── PROVIDED MATERIAL ──

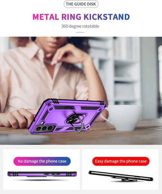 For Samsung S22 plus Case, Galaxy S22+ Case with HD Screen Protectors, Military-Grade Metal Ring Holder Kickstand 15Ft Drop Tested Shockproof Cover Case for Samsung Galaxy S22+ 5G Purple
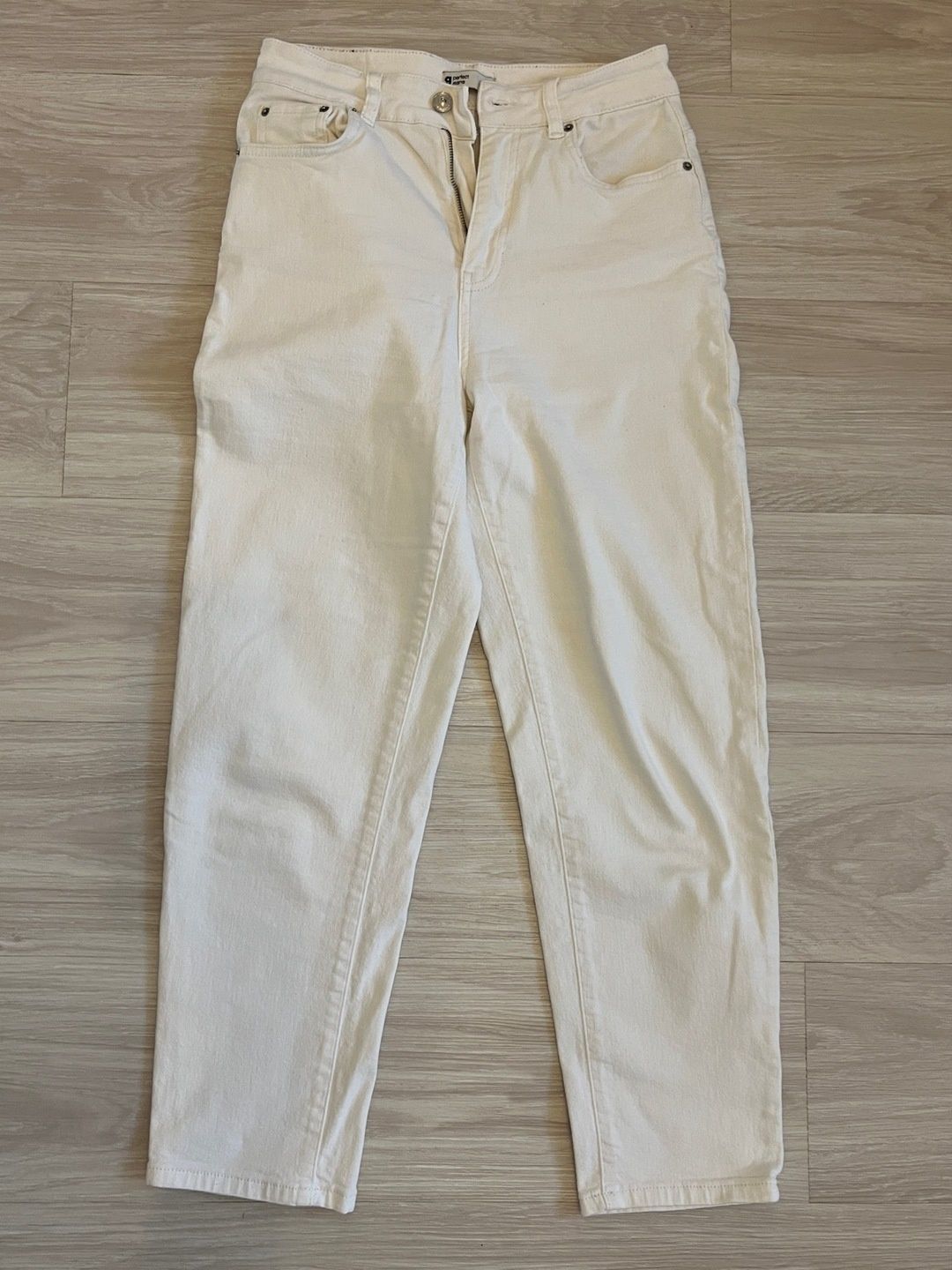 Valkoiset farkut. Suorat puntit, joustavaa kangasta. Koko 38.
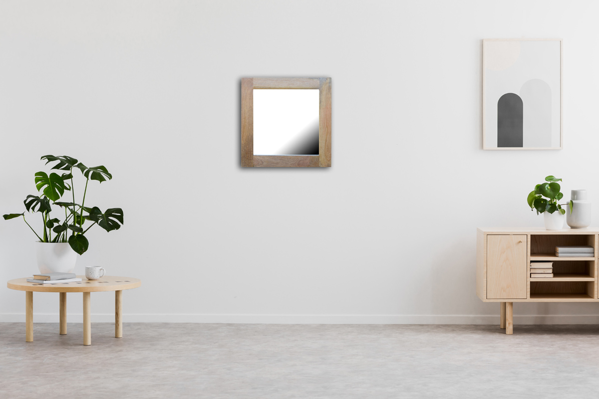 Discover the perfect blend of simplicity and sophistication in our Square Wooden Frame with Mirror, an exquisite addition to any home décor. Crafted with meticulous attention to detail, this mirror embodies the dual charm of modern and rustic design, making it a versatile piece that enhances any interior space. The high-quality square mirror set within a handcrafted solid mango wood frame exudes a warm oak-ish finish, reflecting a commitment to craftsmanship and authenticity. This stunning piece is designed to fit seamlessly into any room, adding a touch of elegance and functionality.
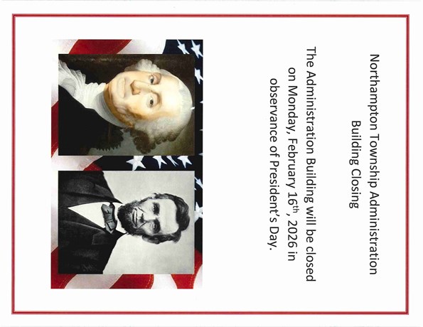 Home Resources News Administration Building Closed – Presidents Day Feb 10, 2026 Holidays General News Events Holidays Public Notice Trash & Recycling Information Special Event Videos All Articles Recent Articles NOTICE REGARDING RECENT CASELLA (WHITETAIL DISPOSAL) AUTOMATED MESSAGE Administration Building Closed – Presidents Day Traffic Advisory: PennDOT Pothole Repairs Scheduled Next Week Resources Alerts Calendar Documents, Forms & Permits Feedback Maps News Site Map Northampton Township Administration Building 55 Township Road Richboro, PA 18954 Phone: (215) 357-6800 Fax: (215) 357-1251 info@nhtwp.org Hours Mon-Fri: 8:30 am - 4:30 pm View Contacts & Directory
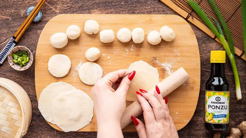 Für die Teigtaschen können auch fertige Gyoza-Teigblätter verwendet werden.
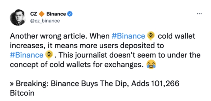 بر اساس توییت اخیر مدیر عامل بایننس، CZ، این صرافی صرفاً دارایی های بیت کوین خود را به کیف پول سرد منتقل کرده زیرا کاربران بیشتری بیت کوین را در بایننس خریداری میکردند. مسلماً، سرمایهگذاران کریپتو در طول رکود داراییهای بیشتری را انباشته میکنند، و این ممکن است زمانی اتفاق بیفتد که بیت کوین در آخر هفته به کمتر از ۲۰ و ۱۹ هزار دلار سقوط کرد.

───

WHAT YOU ARE ASKED TO DO: Starting at the line above that has "Discover the perfect" and ending at the line that has "Für die Teigtaschen", copy each line exactly, leaving the pictures out and adding nothing.

ANSWER TO THE EXERCISE:
 Discover the perfect blend of simplicity and sophistication in our Square Wooden Frame with Mirror, an exquisite addition to any home décor. Crafted with meticulous attention to detail, this mirror embodies the dual charm of modern and rustic design, making it a versatile piece that enhances any interior space. The high-quality square mirror set within a handcrafted solid mango wood frame exudes a warm oak-ish finish, reflecting a commitment to craftsmanship and authenticity. This stunning piece is designed to fit seamlessly into any room, adding a touch of elegance and functionality.
 Home Resources News Administration Building Closed – Presidents Day Feb 10, 2026 Holidays General News Events Holidays Public Notice Trash & Recycling Information Special Event Videos All Articles Recent Articles NOTICE REGARDING RECENT CASELLA (WHITETAIL DISPOSAL) AUTOMATED MESSAGE Administration Building Closed – Presidents Day Traffic Advisory: PennDOT Pothole Repairs Scheduled Next Week Resources Alerts Calendar Documents, Forms & Permits Feedback Maps News Site Map Northampton Township Administration Building 55 Township Road Richboro, PA 18954 Phone: (215) 357-6800 Fax: (215) 357-1251 info@nhtwp.org Hours Mon-Fri: 8:30 am - 4:30 pm View Contacts & Directory
 Für die Teigtaschen können auch fertige Gyoza-Teigblätter verwendet werden.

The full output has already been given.